Okay, so we get a MAP_PRIVATE VM_PFNMAP I assume.

What fd is that exactly? Often, we disallow private mappings in the
mmap() callback (for a good reason).

// memset this memory with trigger fault
handle_mm_fault
    __handle_mm_fault
      handle_pte_fault
        // write fault and !pte_write(entry)
        do_wp_page
          wp_page_copy // this will alloc a new page with valid page struct
                       // for this pfnmap vma

Here we replace the mapped PFNMAP thingy by a proper anon folio.
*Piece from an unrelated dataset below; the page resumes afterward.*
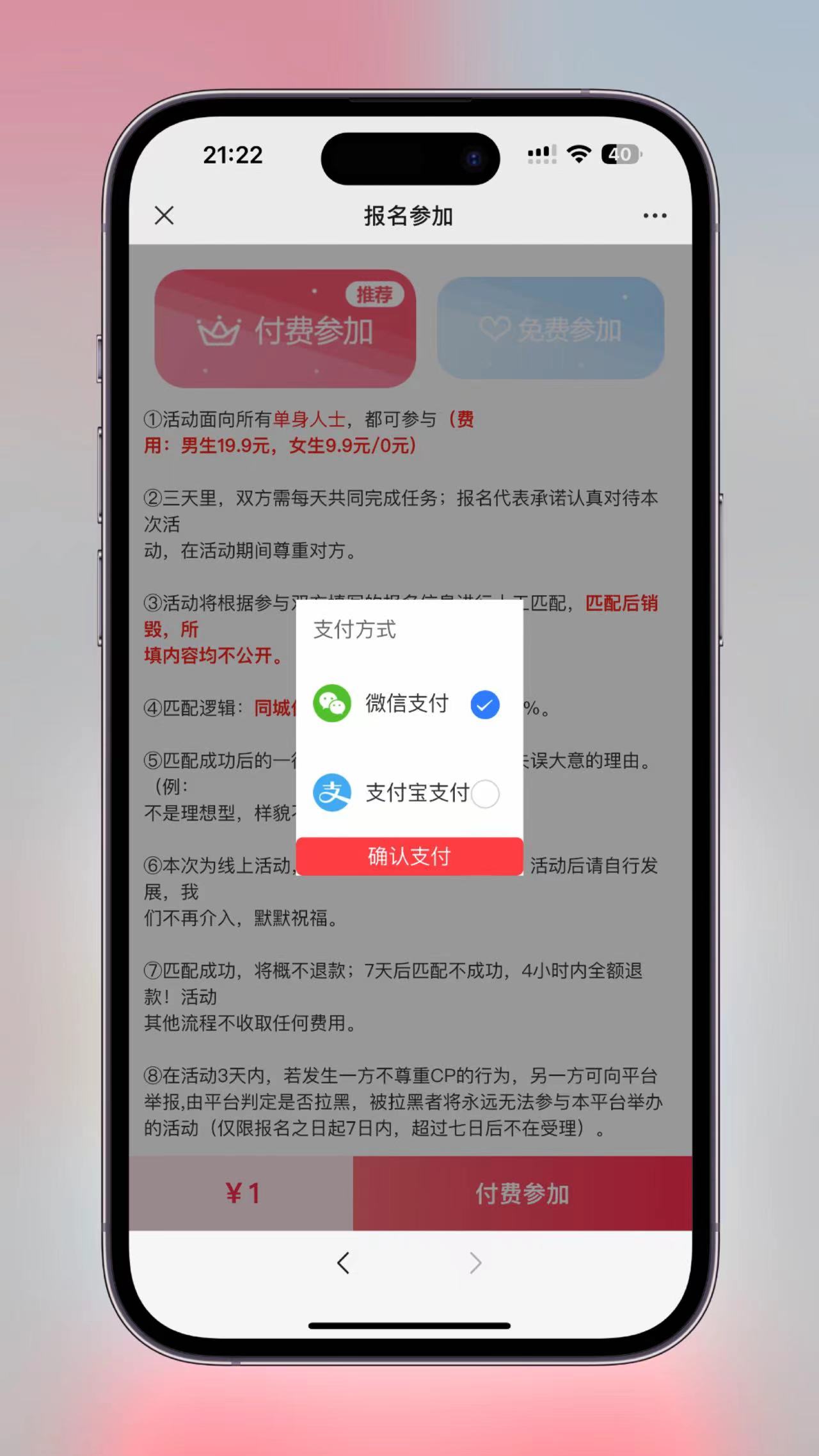 1:可以设置男生收费,女生免费。(避免活动缺女

// inject a hwpoison to the first page of this vma

I assume this is an anon folio?

madvise_inject_error
    memory_failure
      hwpoison_user_mappings
        try_to_unmap_one
          // mark this pte as invalid (hwpoison)
          mmu_notifier_range_init(&range, MMU_NOTIFY_CLEAR, 0, vma, vma->vm_mm,
                  address, range.end);

// during unmap vma, the first pfn of this pfnmap vma is invalid
vm_mmap_pgoff
    do_mmap
      __do_mmap_mm
        __mmap_region
          __do_munmap
            unmap_region
              unmap_vmas
                unmap_single_vma
                  untrack_pfn
                    follow_phys // pte is already invalidate, WARN_ON here

unmap_single_vma()->...->zap_pte_range() should do the right thing when
calling vm_normal_page().

untrack_pfn() is the problematic part.


CoW with a valid page for pfnmap vma is weird to us. Can we use
remap_pfn_range for private vma(read only)? Once CoW happens on a pfnmap
vma during write fault, this page is normal(page flag is valid) for most mm
subsystems, such as memory failure in thais case and extra should be done to
handle this special page.

During unmap, if this vma is pfnmap, unmap shouldn't be done since page
should not be touched for pfnmap vma.

But the root problem is that can we insert a valid page for pfnmap vma?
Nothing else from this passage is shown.